After U+ compiler is expecting 4 hexadecimal symbols;
After U- compiler is expecting 8 hexadecimal symbols;

Variable declarations

Variables are defined using type inference and these operators:

operator	purpose
∈	declare variable/element type
:	define \| block start \| pair up operator
:	set initial value (require type in declarations)
:=	type inference \| share a reference \| assign operator
::	deep copy \| duplicate object \| cloning operator

Notes:

Symbol ":" can be used to define a type or set initial value or type for a variable or parameter.
Symbol ":" can be used as pair-up operator for arguments and map pairs.
Symbol ":=" can can be used to define or mutate the value of variables or parameters.
Symbol "<:" used in declarations is used to indicate a supertype,

** primitive variable declarations with type
new var_name ∈  type_name; -- declaration only type without initial value
new var_name: value ∈  type_name; -- declaration with initial value and type

** Variable declaration using type inference
new var_name := expression; -- expression ":=" do not require type hint ("∈").
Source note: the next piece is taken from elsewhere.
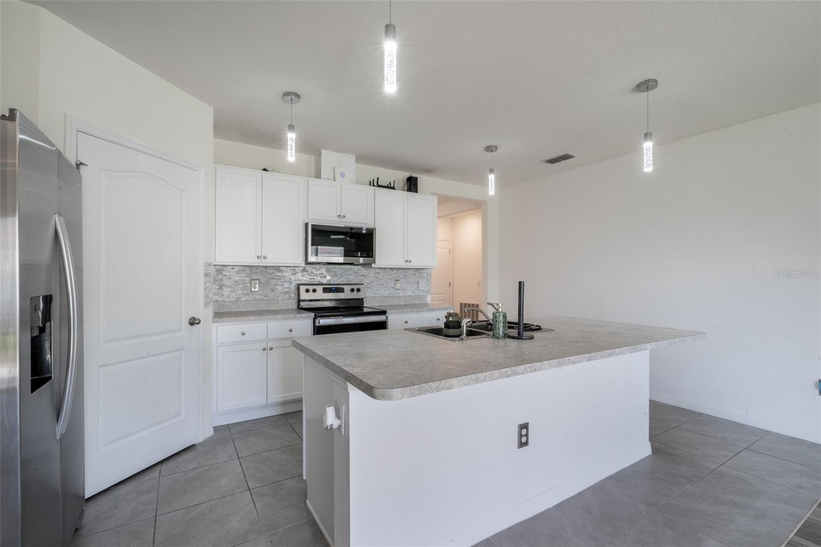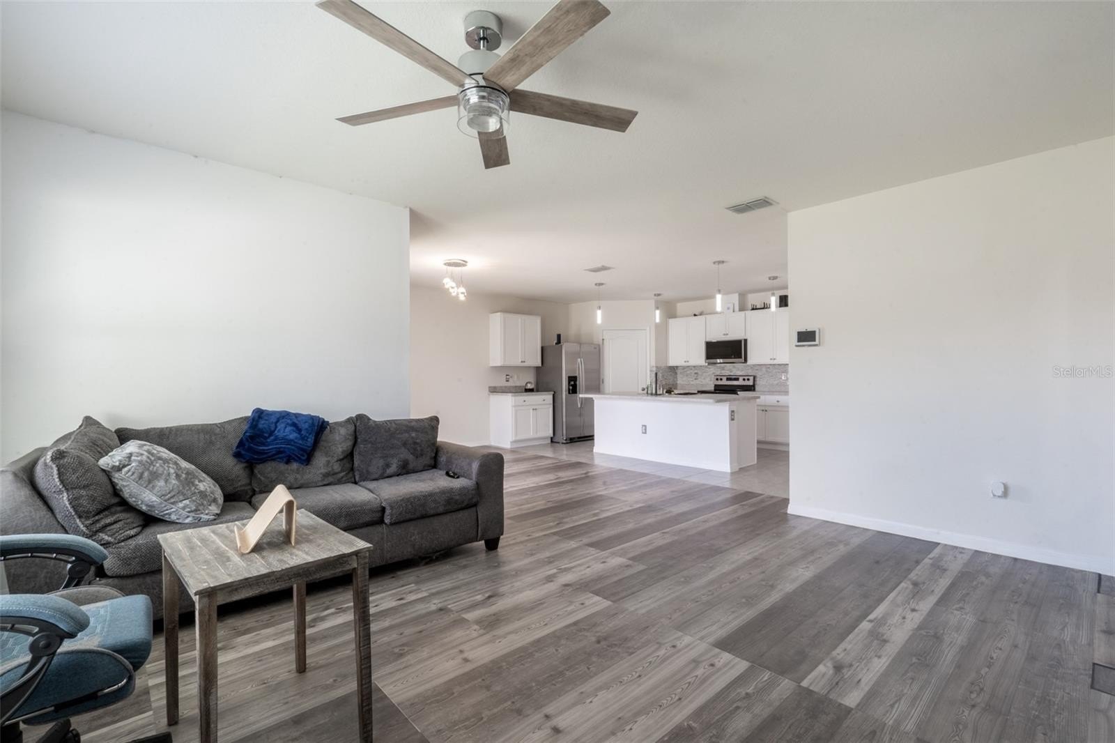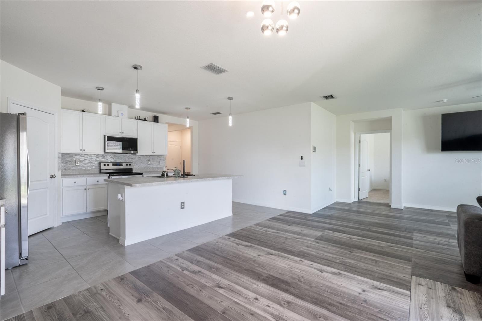 This is one of D.R. Horton's beautiful Cali models, open floor plan, with an open concept kitchen overlooking the living area, dining room, and outdoor lanai. This home is like new, built in 2023. It has been upgraded with interior lighting and hardwood flooring. There is also tile, and some carpet throughout the home. The space is amazing for entertaining. The spacious kitchen has upgraded backsplash, a lovely island, stainless steel appliances and great cabinetry. This home has 4 bedrooms with the primary located off the living space, in the back of the home, for privacy. If you're looking for a move-in ready home that is available for a quick close, don't miss this opportunity. Contact the listing agent for a private tour.

** Multiple variables can be define in one single line using comma separator:
new var1, var2 ... ∈  TypeName;   -- default initial values
new var1, var2 ... := Expression; -- use type inference for all initial values

** Initialize multiple variables, of the same type (type is required)
new var1:con1, var2:con2 ... ∈ TypeName;

Modify values

One can modify variables using alter statement.

Example:

#fragment of code

new a:10, b:0 ∈ Z; -- initialize two variables
let b := a + 1;   -- modify b using binding operator :=
let b += 1;       -- modify b using modifier +=
expect b = 12;    -- check if b has proper value

Notes:

Multiple variables can be modified all at once when separated by comma;
Following operators are called modifiers and can change value of a variable:

{":=","::"}
{"+=","-=","&\=","*=","^=","%=", "*=", "/=", "√="}

Examples:

** declare a public constant
set .PI: 3.14 ∈ R;

rule main:
  ** declare a single variable
  new a   ∈ Z; -- Integer

  ** declare multiple variables
  new (x,y):0 ∈ R; -- Double
  new (q,p):0 ∈ L; -- Logic

  ** using modifiers
  let a := 10; -- modify value of: a == 10
  let a += 1;  -- increment value of: a == 11
  let a -= 1;  -- decrement value of: a == 10

  ** modify two variables using one single constant
  let x, y := 10.5;

  ** modify two variables using two constants
  let q, p := True, False;

  ** swapping two variables
  let p, q := q, p;
return;

Type conversion

When data type mismatch you must perform explicit conversion.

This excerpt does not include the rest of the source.